AIM OF THE EXERCISE
In the records below, find the line with "Dogs Playing Poker", then copy each line exactly until you have copied the line with "GranWhale NFT MarketPlace』にて販売することとなりました。". Leave any picture out.

RECORDS FOR THE TASK

**********

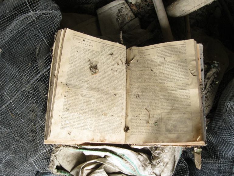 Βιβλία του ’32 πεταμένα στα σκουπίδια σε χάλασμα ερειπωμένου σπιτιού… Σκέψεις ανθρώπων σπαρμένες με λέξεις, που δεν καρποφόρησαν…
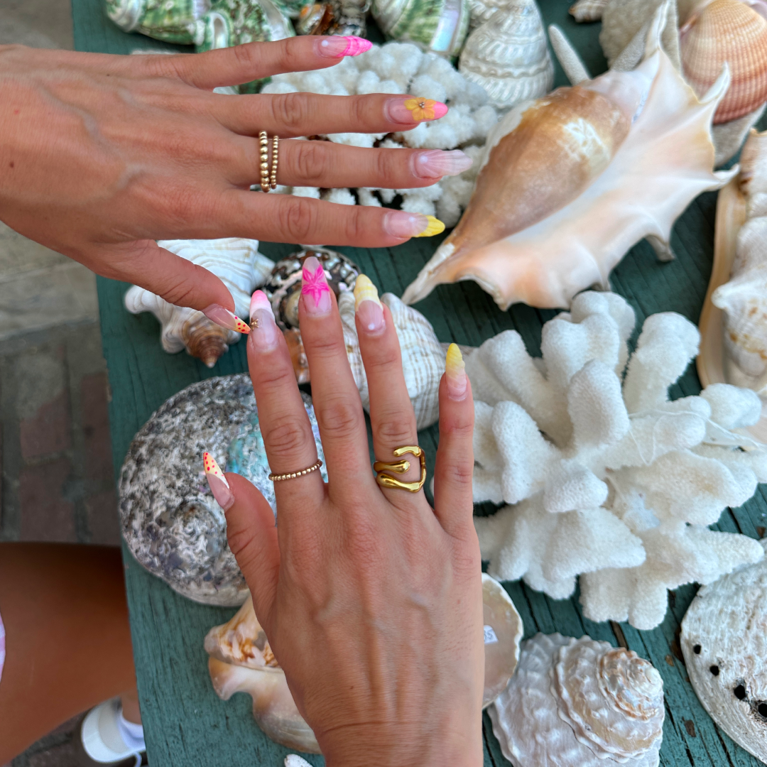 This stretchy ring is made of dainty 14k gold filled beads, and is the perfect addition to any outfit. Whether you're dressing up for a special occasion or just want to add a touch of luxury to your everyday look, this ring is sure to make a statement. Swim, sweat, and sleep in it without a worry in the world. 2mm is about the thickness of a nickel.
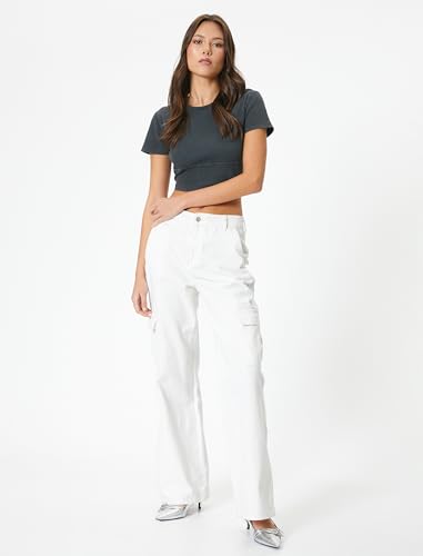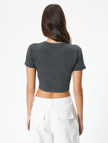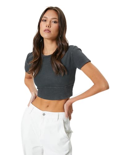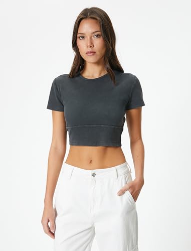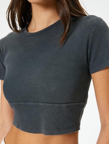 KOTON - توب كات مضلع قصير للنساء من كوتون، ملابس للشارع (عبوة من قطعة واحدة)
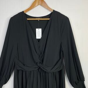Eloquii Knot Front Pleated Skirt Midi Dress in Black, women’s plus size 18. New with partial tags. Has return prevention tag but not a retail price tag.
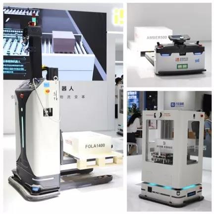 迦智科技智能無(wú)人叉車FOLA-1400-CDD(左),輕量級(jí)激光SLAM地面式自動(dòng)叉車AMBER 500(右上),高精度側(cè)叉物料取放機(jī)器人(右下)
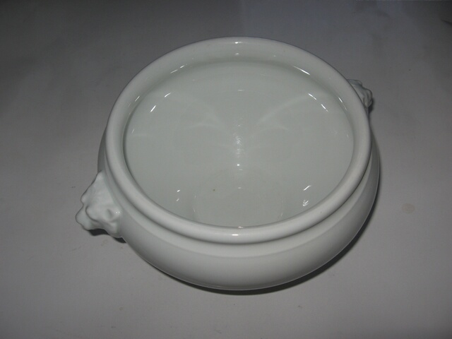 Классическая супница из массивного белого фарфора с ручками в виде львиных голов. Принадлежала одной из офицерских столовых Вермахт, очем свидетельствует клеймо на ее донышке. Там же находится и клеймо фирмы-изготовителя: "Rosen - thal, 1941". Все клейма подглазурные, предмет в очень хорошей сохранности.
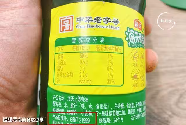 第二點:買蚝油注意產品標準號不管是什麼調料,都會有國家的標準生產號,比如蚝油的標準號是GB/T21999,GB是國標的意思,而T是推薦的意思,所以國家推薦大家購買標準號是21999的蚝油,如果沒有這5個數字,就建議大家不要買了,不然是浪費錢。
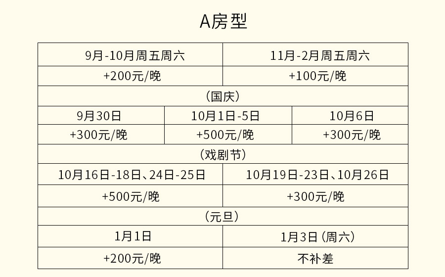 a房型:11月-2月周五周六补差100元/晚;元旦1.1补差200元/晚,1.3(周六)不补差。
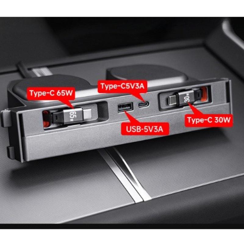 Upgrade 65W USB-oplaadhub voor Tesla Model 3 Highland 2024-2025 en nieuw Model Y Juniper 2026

**********

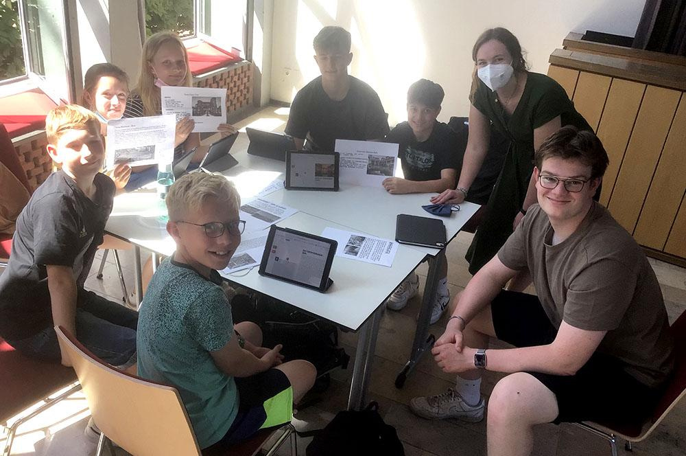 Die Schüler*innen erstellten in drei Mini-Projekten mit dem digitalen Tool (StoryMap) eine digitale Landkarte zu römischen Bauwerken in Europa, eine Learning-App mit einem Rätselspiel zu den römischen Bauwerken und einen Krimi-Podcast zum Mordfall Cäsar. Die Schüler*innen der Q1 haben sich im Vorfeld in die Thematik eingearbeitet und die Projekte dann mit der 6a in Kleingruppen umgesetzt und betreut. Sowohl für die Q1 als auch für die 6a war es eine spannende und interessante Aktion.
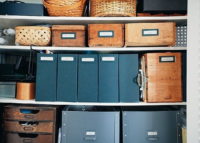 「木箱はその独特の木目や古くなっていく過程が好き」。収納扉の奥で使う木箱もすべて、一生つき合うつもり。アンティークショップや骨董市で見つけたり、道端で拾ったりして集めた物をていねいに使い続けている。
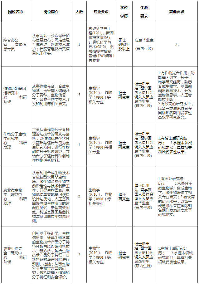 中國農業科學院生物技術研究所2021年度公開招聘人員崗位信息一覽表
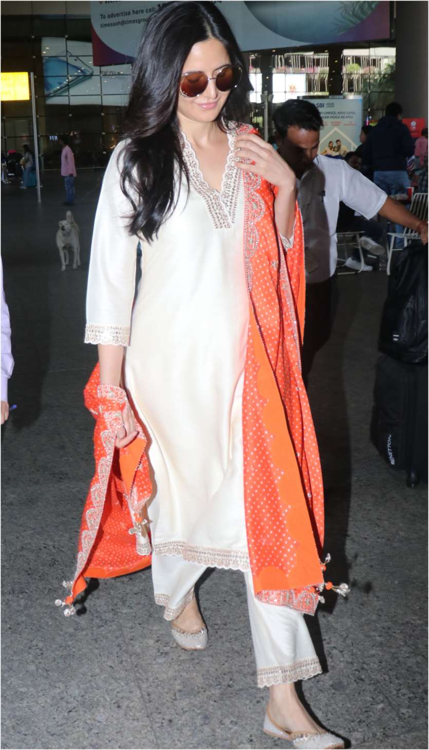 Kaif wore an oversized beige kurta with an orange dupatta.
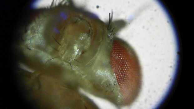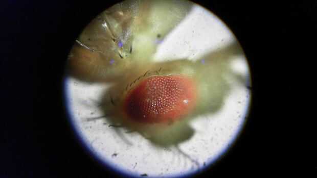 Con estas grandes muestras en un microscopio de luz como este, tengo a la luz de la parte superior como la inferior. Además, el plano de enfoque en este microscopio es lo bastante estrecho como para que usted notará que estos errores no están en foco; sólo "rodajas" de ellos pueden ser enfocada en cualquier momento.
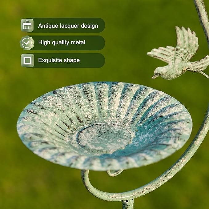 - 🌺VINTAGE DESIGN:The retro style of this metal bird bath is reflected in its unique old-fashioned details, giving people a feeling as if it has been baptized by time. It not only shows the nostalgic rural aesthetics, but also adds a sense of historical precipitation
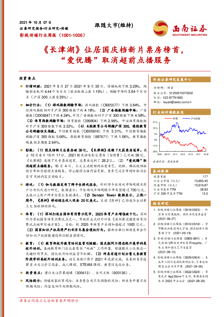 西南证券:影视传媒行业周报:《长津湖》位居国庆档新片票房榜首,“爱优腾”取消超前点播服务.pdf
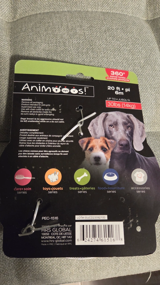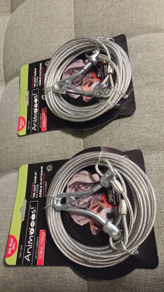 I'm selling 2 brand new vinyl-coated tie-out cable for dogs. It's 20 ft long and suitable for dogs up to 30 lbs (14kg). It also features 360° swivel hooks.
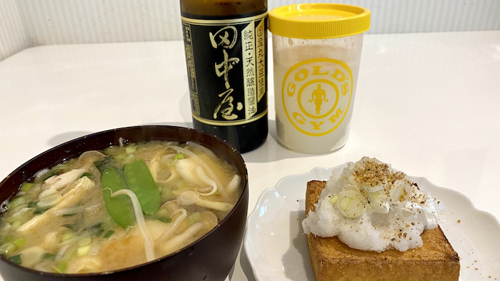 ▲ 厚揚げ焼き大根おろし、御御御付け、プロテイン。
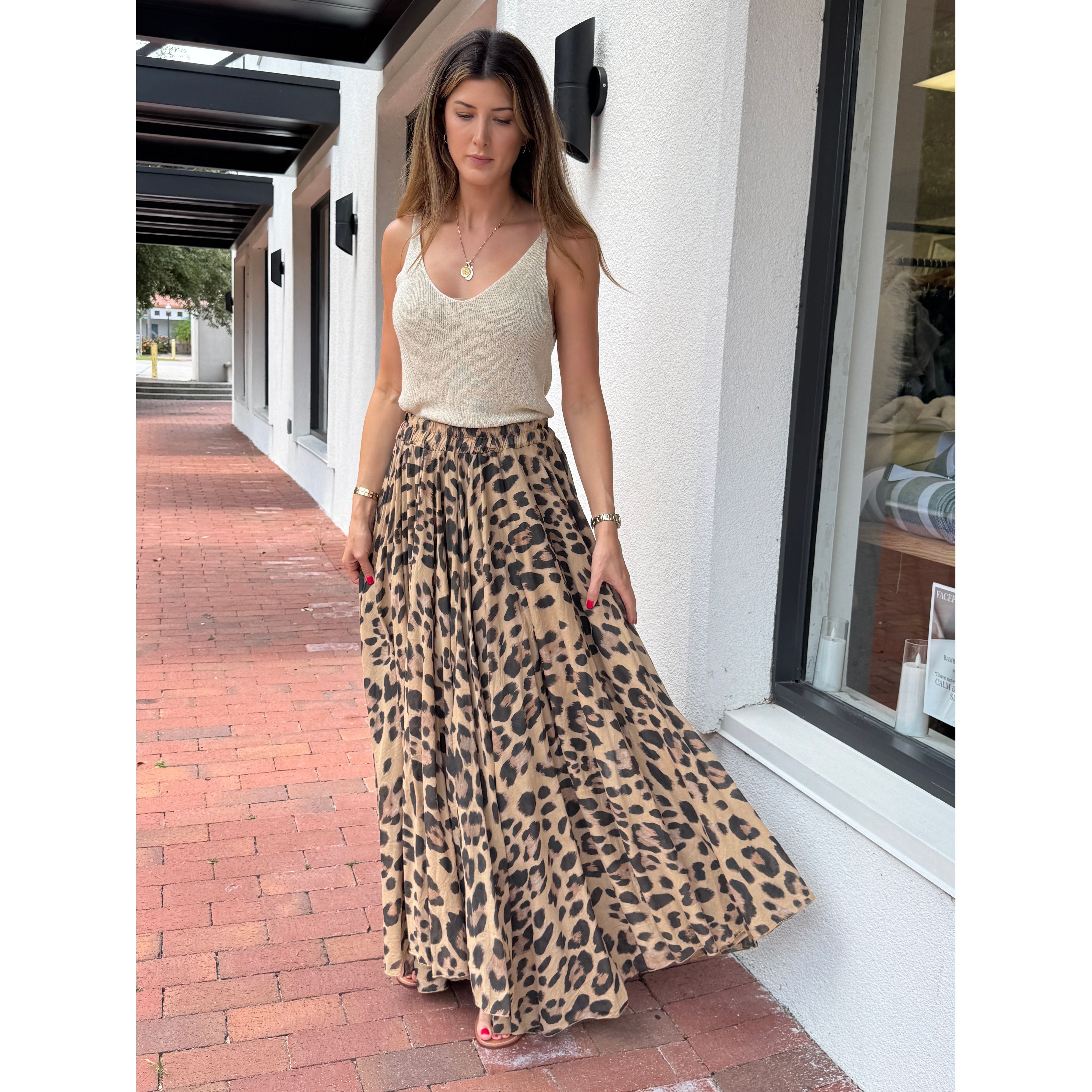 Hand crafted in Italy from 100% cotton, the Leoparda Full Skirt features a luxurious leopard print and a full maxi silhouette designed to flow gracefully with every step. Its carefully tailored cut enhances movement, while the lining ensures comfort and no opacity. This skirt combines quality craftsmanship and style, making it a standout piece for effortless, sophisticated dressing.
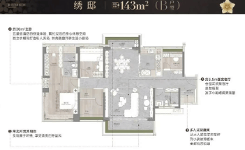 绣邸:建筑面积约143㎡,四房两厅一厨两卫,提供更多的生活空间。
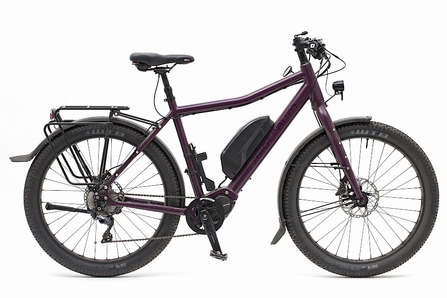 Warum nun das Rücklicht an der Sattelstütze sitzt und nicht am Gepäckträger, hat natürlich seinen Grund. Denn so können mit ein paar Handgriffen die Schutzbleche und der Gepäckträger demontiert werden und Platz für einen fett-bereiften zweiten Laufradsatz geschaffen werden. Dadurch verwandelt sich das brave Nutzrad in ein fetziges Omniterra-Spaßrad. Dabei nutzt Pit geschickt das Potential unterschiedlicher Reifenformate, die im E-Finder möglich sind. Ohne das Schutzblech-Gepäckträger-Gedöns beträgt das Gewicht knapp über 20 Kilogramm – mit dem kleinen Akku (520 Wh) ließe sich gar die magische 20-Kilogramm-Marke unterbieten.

**********

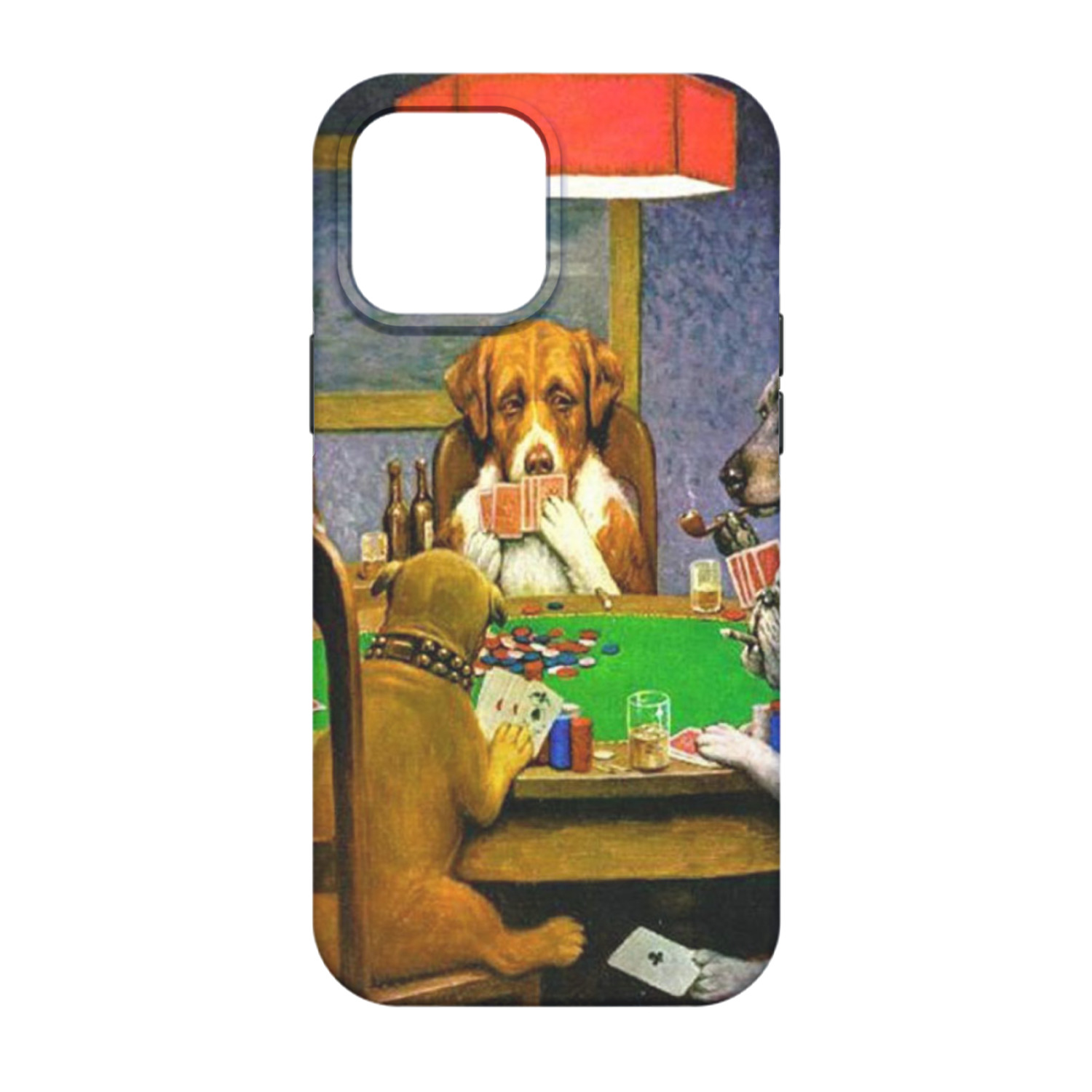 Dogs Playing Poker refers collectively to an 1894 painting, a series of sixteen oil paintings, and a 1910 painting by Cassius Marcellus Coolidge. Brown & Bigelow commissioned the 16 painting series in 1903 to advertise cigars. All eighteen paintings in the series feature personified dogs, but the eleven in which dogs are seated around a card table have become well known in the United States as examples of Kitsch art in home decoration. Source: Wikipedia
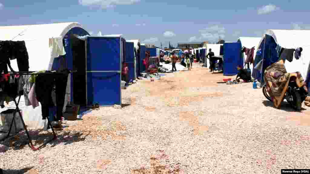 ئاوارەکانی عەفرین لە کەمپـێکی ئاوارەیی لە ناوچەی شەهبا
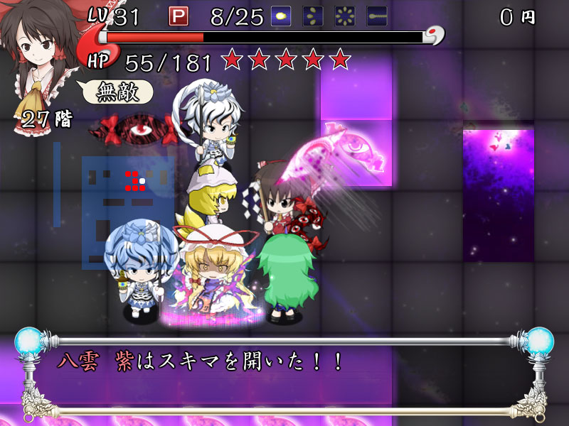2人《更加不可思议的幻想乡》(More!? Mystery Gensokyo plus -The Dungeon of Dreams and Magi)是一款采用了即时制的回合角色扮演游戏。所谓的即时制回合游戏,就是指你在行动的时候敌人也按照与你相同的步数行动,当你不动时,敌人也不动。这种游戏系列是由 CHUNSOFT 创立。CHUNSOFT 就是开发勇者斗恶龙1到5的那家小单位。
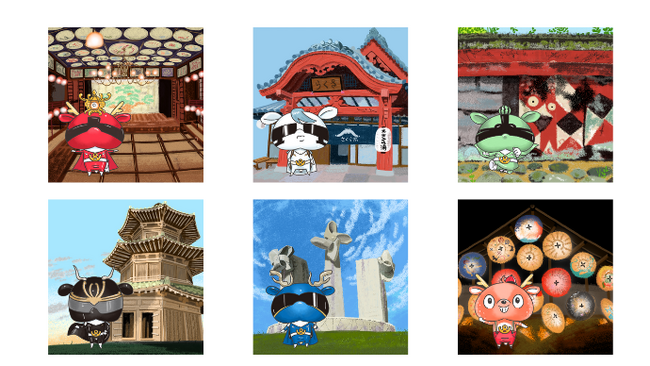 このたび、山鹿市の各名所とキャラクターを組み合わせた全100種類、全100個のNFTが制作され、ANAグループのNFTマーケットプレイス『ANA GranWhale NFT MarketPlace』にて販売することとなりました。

**********

RESULT BELOW
 Dogs Playing Poker refers collectively to an 1894 painting, a series of sixteen oil paintings, and a 1910 painting by Cassius Marcellus Coolidge. Brown & Bigelow commissioned the 16 painting series in 1903 to advertise cigars. All eighteen paintings in the series feature personified dogs, but the eleven in which dogs are seated around a card table have become well known in the United States as examples of Kitsch art in home decoration. Source: Wikipedia
 ئاوارەکانی عەفرین لە کەمپـێکی ئاوارەیی لە ناوچەی شەهبا
2人《更加不可思议的幻想乡》(More!? Mystery Gensokyo plus -The Dungeon of Dreams and Magi)是一款采用了即时制的回合角色扮演游戏。所谓的即时制回合游戏,就是指你在行动的时候敌人也按照与你相同的步数行动,当你不动时,敌人也不动。这种游戏系列是由 CHUNSOFT 创立。CHUNSOFT 就是开发勇者斗恶龙1到5的那家小单位。
 このたび、山鹿市の各名所とキャラクターを組み合わせた全100種類、全100個のNFTが制作され、ANAグループのNFTマーケットプレイス『ANA GranWhale NFT MarketPlace』にて販売することとなりました。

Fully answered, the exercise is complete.